**INSTRUCTIONS TO FOLLOW**: In the records below, how many lines hold the word "大徳山浄峰寺"? Give only the number.

[AVAILABLE DATA Boundary: Start]

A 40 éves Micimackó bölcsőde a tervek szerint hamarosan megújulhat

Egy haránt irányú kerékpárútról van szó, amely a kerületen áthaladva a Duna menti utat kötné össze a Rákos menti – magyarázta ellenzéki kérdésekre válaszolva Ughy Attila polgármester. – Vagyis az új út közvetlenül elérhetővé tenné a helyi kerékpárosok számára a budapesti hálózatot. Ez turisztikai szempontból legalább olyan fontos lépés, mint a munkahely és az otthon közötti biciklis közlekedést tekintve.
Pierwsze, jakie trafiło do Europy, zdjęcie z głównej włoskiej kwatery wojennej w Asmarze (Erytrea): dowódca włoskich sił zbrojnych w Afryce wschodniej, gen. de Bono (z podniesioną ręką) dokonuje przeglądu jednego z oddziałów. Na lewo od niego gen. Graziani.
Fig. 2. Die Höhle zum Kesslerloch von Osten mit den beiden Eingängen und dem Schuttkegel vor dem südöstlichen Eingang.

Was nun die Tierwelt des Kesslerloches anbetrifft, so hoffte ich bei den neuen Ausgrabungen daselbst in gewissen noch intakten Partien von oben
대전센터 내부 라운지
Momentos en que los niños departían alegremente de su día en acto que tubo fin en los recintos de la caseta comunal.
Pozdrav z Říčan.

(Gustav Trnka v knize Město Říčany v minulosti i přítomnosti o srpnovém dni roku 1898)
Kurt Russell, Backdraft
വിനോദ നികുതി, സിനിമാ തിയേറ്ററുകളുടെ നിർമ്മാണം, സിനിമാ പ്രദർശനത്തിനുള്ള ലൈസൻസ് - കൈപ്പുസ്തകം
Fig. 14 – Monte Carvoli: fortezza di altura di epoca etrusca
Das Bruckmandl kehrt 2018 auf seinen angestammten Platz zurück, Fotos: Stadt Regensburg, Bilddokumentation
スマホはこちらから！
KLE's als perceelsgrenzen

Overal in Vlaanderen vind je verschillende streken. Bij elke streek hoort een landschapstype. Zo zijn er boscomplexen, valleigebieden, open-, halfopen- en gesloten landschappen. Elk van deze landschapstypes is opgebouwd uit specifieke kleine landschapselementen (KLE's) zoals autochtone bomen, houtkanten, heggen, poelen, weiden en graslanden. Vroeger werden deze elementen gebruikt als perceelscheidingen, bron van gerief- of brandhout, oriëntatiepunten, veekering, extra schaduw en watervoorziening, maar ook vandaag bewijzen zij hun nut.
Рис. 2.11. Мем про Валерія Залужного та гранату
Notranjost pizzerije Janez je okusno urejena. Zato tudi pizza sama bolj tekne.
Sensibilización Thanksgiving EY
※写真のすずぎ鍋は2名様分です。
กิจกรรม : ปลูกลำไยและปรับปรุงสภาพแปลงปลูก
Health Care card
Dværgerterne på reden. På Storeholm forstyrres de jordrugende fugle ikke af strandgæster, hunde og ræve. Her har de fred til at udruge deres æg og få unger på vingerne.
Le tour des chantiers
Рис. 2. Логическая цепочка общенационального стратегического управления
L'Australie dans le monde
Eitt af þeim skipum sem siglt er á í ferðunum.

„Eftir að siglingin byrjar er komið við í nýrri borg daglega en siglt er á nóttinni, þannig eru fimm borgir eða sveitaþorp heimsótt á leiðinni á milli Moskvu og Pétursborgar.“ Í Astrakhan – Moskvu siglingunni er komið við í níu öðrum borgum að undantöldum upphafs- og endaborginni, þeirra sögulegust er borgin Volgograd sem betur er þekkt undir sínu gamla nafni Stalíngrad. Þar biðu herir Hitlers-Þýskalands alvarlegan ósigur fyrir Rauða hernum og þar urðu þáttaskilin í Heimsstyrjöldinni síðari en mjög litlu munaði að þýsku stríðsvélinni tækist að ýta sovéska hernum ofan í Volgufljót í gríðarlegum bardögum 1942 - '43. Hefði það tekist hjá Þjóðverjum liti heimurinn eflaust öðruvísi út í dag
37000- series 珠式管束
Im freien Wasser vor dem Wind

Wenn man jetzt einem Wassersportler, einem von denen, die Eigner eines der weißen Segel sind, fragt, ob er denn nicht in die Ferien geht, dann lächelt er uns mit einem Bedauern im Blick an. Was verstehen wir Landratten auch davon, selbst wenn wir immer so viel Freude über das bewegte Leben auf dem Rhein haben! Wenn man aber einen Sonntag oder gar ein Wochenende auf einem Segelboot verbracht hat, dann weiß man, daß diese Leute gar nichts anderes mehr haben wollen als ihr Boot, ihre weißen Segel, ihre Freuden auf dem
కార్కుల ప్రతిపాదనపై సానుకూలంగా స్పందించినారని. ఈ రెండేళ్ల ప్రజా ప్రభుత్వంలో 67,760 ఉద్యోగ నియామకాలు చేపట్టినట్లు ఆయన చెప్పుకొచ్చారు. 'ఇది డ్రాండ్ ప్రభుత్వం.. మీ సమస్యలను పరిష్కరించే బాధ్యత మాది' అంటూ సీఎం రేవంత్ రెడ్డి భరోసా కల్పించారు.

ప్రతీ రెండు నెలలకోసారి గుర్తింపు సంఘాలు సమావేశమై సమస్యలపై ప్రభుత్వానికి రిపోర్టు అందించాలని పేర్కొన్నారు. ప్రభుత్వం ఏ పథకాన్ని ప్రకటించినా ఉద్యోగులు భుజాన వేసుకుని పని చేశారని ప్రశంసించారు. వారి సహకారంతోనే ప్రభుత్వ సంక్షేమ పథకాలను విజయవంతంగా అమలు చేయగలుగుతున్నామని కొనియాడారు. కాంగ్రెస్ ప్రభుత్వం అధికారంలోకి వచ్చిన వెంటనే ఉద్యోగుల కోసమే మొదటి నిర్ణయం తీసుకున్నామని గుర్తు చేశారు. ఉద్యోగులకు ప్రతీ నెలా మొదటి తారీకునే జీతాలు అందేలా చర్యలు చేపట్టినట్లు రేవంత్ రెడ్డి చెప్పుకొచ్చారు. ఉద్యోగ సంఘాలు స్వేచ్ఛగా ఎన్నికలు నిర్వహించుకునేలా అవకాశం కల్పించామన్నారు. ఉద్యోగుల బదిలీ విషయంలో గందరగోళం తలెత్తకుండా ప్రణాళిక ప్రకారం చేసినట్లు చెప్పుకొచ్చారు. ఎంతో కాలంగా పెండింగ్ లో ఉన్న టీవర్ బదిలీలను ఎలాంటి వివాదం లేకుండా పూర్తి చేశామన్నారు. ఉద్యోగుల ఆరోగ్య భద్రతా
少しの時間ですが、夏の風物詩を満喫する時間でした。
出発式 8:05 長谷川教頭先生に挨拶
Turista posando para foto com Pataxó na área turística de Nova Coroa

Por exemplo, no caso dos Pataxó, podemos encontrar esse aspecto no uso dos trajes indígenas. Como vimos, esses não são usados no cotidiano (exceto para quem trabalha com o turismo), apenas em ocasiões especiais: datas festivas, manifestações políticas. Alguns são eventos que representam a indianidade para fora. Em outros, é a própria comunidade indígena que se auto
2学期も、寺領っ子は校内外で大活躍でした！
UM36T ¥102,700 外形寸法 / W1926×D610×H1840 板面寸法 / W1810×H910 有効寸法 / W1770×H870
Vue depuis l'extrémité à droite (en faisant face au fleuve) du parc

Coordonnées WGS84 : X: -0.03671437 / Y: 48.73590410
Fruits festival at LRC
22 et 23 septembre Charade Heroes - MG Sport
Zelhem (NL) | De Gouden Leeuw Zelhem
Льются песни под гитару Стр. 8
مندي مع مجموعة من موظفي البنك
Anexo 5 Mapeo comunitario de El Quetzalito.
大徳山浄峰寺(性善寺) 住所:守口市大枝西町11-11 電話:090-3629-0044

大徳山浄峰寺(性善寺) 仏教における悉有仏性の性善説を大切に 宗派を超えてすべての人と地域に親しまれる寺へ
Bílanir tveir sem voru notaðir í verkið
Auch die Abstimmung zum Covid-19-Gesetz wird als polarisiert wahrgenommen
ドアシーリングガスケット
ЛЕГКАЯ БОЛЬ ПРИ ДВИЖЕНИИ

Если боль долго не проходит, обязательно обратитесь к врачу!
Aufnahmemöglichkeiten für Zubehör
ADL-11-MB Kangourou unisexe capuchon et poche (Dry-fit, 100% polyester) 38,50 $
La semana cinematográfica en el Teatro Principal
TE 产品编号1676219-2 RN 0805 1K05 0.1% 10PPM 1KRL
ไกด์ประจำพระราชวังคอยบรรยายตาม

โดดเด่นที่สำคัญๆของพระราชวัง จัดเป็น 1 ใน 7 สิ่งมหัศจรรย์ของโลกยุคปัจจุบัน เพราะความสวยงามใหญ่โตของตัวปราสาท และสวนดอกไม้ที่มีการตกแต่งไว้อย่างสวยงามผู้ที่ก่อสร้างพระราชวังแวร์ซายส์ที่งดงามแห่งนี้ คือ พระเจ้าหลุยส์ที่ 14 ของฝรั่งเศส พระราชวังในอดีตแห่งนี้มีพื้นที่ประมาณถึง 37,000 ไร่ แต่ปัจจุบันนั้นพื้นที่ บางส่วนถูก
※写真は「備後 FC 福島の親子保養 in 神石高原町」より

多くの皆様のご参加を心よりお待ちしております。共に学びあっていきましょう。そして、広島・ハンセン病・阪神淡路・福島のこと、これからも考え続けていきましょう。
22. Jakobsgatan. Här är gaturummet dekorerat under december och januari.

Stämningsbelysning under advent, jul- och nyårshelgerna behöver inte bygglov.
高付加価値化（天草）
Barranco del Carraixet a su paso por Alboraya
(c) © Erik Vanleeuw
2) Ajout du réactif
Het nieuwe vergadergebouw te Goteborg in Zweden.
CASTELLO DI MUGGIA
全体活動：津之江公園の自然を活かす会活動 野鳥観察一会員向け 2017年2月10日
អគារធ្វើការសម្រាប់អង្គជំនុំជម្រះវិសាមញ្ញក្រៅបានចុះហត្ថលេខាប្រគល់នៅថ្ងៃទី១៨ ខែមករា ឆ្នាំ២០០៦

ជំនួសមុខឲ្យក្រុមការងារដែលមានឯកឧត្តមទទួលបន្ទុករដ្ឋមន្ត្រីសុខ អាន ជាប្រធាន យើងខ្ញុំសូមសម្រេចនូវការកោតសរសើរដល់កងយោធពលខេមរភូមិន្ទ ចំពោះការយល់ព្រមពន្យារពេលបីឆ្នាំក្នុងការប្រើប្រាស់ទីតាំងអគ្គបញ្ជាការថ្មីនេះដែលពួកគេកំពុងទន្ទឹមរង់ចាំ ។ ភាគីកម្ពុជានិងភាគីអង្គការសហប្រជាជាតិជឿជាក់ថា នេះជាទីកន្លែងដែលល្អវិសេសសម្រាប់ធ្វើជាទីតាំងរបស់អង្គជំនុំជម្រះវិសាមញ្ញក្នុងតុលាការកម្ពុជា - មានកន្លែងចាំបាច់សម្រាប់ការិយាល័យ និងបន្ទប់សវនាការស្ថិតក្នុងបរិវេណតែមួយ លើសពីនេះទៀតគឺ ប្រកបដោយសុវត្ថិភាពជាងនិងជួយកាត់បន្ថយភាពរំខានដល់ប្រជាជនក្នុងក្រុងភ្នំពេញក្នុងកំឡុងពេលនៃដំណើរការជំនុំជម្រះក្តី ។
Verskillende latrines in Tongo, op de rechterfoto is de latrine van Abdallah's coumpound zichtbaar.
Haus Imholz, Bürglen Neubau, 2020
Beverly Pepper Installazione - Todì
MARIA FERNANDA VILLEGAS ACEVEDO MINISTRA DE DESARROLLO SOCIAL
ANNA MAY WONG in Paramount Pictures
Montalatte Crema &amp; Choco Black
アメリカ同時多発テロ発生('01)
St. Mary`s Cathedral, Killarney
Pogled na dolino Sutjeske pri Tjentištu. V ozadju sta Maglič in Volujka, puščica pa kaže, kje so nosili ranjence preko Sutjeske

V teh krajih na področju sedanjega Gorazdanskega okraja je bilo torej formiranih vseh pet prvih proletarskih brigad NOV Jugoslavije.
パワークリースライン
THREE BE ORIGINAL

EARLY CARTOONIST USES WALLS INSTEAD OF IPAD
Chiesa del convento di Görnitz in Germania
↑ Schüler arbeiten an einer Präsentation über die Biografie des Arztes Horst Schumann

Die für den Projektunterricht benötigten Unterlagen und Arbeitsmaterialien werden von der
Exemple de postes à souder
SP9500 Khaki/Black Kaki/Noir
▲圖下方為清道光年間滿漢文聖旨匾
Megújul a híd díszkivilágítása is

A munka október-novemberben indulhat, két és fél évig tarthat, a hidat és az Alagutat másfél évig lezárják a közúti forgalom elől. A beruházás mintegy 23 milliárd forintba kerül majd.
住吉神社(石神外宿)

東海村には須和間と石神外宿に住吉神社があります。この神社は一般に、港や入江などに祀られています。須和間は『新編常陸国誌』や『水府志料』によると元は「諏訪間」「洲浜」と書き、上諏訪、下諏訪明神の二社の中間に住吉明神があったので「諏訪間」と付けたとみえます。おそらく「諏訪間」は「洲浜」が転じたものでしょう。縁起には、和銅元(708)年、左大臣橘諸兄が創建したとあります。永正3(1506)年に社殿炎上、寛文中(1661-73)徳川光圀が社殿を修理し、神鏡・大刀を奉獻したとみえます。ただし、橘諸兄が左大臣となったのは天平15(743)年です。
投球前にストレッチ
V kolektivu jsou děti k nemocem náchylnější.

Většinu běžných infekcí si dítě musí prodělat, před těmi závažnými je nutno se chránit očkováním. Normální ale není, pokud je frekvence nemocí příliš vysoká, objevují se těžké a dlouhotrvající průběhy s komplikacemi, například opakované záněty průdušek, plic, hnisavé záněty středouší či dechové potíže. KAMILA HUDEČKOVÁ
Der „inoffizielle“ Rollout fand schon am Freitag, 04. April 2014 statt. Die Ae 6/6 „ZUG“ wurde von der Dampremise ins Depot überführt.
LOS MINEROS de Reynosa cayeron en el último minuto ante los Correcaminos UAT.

[AVAILABLE DATA Boundary: End]

**EXERCISE RESULT**: 2